Tymczasem Luiza, gdy tylko przestała krzyczeć, zaczęła powolny ruch wstecz, byle dalej od bestii. Sztylet, jaki trzymała w dłoni wydawał się marną bronią przeciw potworowi, ale lepiej tak niż w ogóle. Potwór oblizał się po raz kolejny i pochylił się w stronę kobiety. Jego nozdrza rozszerzyły się, wciągając jej zapach. W oczach zapłonął ogień. Bestia napięła wszystkie mięśnie, przygotowując się do skoku. Luiza słyszała przedzierających się przez gąszcz towarzyszy. Jej serce waliło jak młot, a trzymany w ręku sztylet drżał. Zacisnęła mocniej palce, bojąc się że broń wypadnie jej z dłoni. Potwór skoczył... Z krzaków wybiegł Jans, klnąc gdy zaczepił rękawem o jałowiec. Zaraz za nim pojawili się pozostali. Zarówno Jans, jak i Sigfrid w istocie atakującej Luizę rozpoznali nieomylnie ghula, trupojada.

Luiza chybiła celu i znów krzyknęła, gdy potwór obalił ją na ziemię. Jednak bestia nie trafiła jej czysto i przetoczyła się po ściółce, zatrzymując dopiero na pniu niewielkiej brzózki. Nim poderwała się na nogi, Skalp zaatakował. Cios pozostawił po sobie płytką ranę na ramieniu ghula. Ten syknął i obnażył kły. Nim pozostali, poza Carolusem, który pomagał przerażonej Luizie wstać, dopadli ghula, ten zaatakował Jansa. Pazury rozerwały koszulę grabarza i pozostawiły czerwone szramy na ciele. Mgnienie oka później potężny cios khazadzkiego topora posłał trupojada na ziemię, a celne uderzenie zadane przez Sigfrida dopełniło jego marnego żywota.

Jakiś czas potem, gdy już otrząsnęli się po walce z ghulem, wrócili do przerwanych zajęć. Tyczyło się to Jansa i Sigfrida, bo Luiza była zbyt roztrzęsiona aby zbierać maliny, Carolus zajęty był jej uspokajaniem, a krasnolud swoim zwyczajem zajmował się dłubaniem w zębach i wygłaszaniem mądrych uwag.

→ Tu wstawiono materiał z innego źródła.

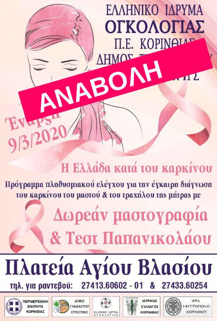 Η Περιφερειακή Ενότητα Κορινθίας, ο Δήμος Ξυλοκάστρου- Ευρωστίνης και ο Ελληνικό Ίδρυμα Ογκολογίας, έπειτα από κοινή απόφαση ενημερώνει τον γυναικείο πληθυσμό του Δήμου μας ότι αναστέλλεται η λειτουργία της Ογκολογικής Μονάδας στο Ξυλόκαστρο για κάποιο διάστημα για την διασφάλιση της υγείας των πολιτών από τον Κορονοϊό. Η Μονάδα θα επανέλθει στο Ξυλόκαστρο μετά το πέρας της πανδημίας.
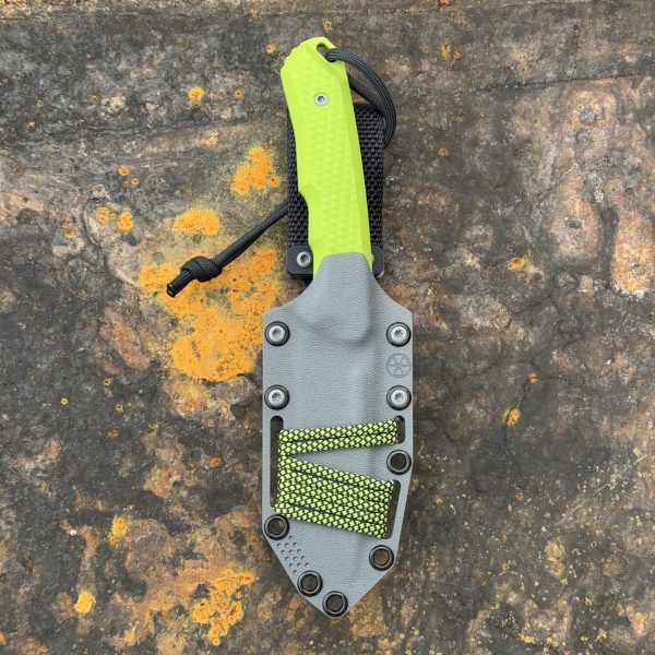**LANYARD HOLE**. At the end of the knife handle, there is a pin made from G10 for attaching an additional lanyard. This can help prevent dropping the knife during use or provide an extra grip for easier withdrawal from the sheath. This solution also helps secure the knife against loss. A piece of paracord in a color matching the design is originally included with the knife.

Nareszcie dokopali się do trumny. Jans rękami odgarnął ziemię z rozlatującego się, zmurszałego wieka i podniósł je do góry. Trup był przegniły i w większości zeżarty przez robactwo. Śmierdział obrzydliwie i obrzydliwie wyglądał. Na brudnych, czarnych kościach zachowały się kawałki rozpływającego się mięsa, a pomarszczona skóra odchodziła od ciała płatami. Ubranie również w większości padło ofiarą czasu i robaków. Jawiło się jako zmurszałe, brunatne szmaty przesiąknięte zgnilizną. Jans bez trudu ściągnął z palca pierścień z zielonym oczkiem i wyskoczył z grobu. Można było zasypywać.